The hawksbill turtle[1], which supplies the tortoise-shell of commerce, was at former times taken in great numbers in the vicinity of Hambangtotte during the season when they came to deposit their eggs, and there is still a considerable trade in this article, which is manufactured into ornaments, boxes, and combs by the Moormen resident at Galle. If taken from the animal after death and decomposition, the colour of the shell becomes clouded and milky, and hence the cruel expedient is resorted to of seizing the turtles as they repair to the shore to deposit their eggs, and suspending them over fires till heat makes the plates on the dorsal shields start from the bone of the carapace, after which the creature is permitted to escape to the water.[2] In illustration of the resistless influence of instinct at the period of breeding, it may be mentioned that the same tortoise is believed to return again and again to the same spot, notwithstanding that at each visit she had to undergo a repetition of this torture. In the year 1826, a hawksbill turtle was taken near Hambangtotte, which bore a ring attached to one of its fins that had been placed there by a Dutch officer thirty years before, with a view to establish the fact of these recurring visits to the same beach.[3]
[Footnote 1: Chelonia imbricata; Linn.]
[Footnote 2: At Celebes, whence the finest tortoise-shell is exported to China, the natives kill the turtle by blows on the head, and immerse the shell in boiling water to detach the plates. Dry heat is only resorted to by the unskilful, who frequently destroy the tortoise-shell in the operation.—Journ. Indian Archipel. vol. iii. p. 227, 1849.]
[Footnote 3: BENNETT’S Ceylon, ch. xxxiv.]

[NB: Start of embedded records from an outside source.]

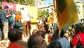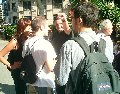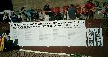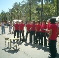 Joves de Mallorca i d’Eivissa, que hi són presents, també reben els insults i maltractaments d’aquest grupuscle de fanàtics que, amb mètodes feixistes que hom creia superats, pretenen fer malbé els avanços imparables d’Esquerra Republicana de Catalunya.
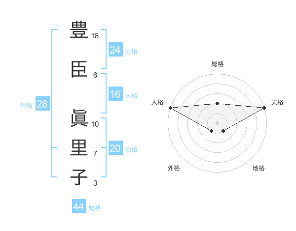 豊臣 眞里子さんを姓名の画数から五運を鑑定
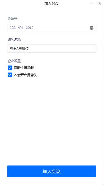 登录后进入等待室,主机位命名“姓名+考生编号后5位+主机位”,辅助机位命名为“姓名+考生编号后5位+辅机位”,加入会议后电脑端连接语音和视频,如果语音和视频不正常在屏幕左下角连接和启用视频,辅助机位关闭音频并保持摄像头开启状态。
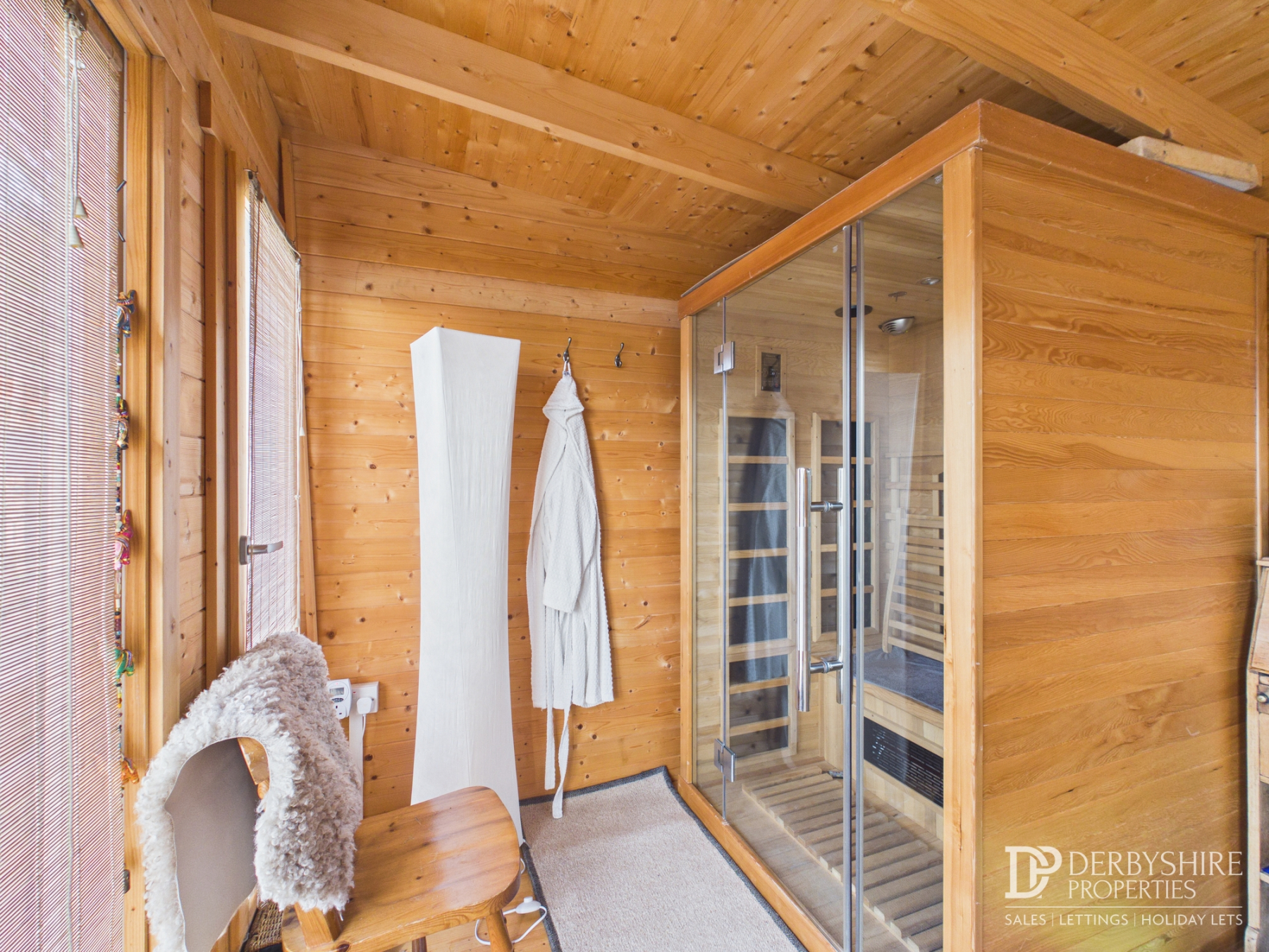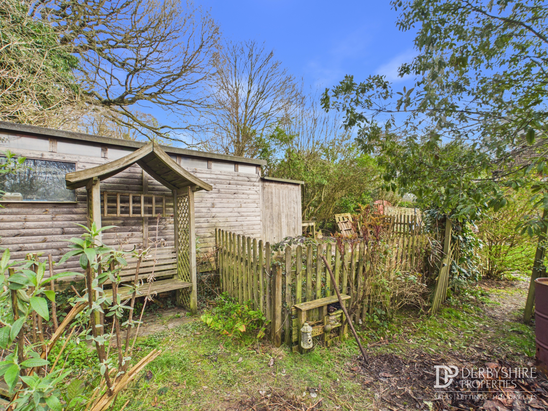 Positioned close to the property is a timber outbuilding, currently utilised as a home office/yoga studio, benefiting from light, power, and heating.
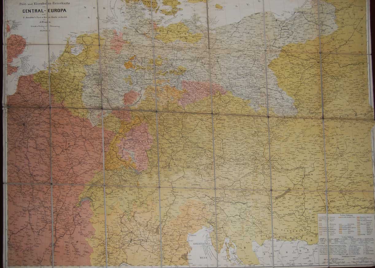 Cm. 82x63, carta litografica dell'Europa centrale, telata, divisa in 28 riquadri. In buono stato (good copy).
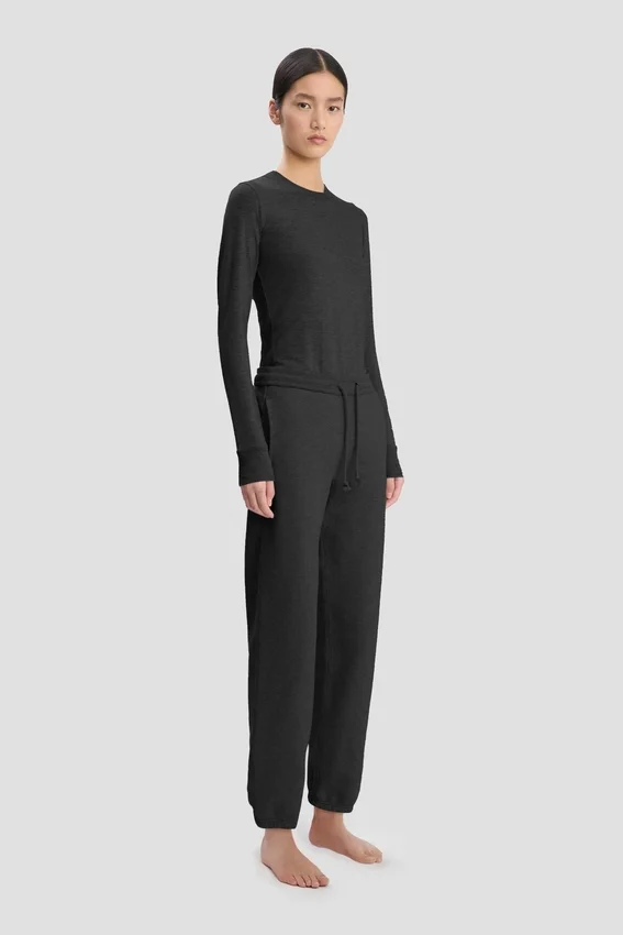 with its lightweight jersey fabrication and slim fit, the long sleeve t-shirt in black is a refined take on a wardrobe basic. designed with a traditional crew neckline and ribbed neckhole and cuffs, it is finished with a victoria beckham embroidered monogram at the back of the neck.
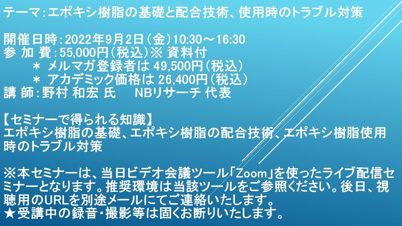 先端技術情報や市場情報を提供している(株)シーエムシー・リサーチ(千代田区神田錦町: https://cmcre.com/ )では、 各種材料・化学品などの市場動向・技術動向のセミナーや書籍発行を行っておりますが、 このたび「エポキシ樹脂の基礎と配合技術、使用時のトラブル対策」と題するセミナーを、 講師に野村 和宏 氏 NBリサーチ 代表)をお迎えし、2022年9月2日(金)10:30より、 ZOOMを利用したライブ配信で開催いたします。 受講料は、 一般:55,000円(税込)、 弊社メルマガ会員:49,500円(税込)、 アカデミック価格は26,400円(税込)となっております(資料付)。
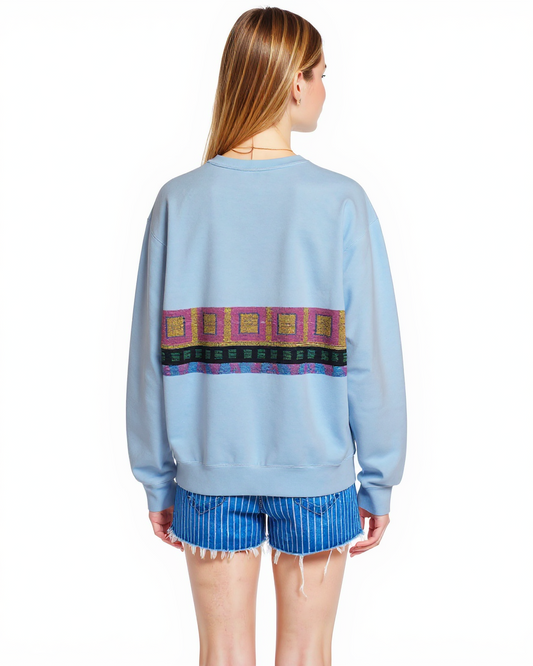"Absolutely love this one-of-a-kind sweatshirt. I first saw these sweatshirts 10 months ago and could. not. stop. thinking. about. them. From the care and attention during the selection process to the packaging. This sweatshirt is my new favorite clothing item."
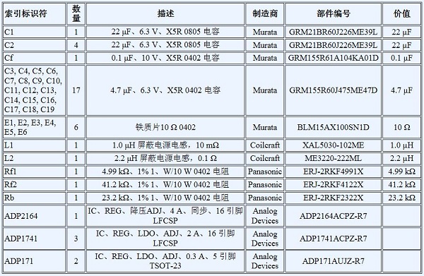 表4 显示了AD9680 评估板使用的简化PDN(如图2 所示)物料 清单。通过使用图3 中的网络,系统设计人员可节省高达40%到 45%的BOM成本。BOM成本是在一个使用广泛的电子元件供应 商网站上通过计算千片订量价格估算的。

Snakes.—It is perhaps owing to the aversion excited by the ferocious expression and unusual action of serpents, combined with an instinctive dread of attack, that exaggerated ideas prevail both as to their numbers in Ceylon, and the danger to be apprehended from encountering them. The Singhalese profess to distinguish a great many kinds, of which not more than one half have as yet been scientifically identified; but so cautiously do serpents make their appearance, that the surprise of long residents is invariably expressed at the rarity with which they are to be seen; and from my own journeys, through the jungle, often of two to five hundred miles, I have frequently returned without seeing a single snake.[1] Davy, whose attention was carefully directed to the poisonous serpents of Ceylon[2], came to the conclusion that but four, out of twenty species examined by him, were venomous, and that of these only two (the tic-polonga[3] and cobra de capello[4]) were capable of inflicting a wound likely to be fatal to man. The third is the caraicilla[5], a brown snake of about twelve inches in length; and for the fourth, of which only a few specimens have been, procured, the Singhalese have no name in their vernacular,—a proof that it is neither deadly nor abundant.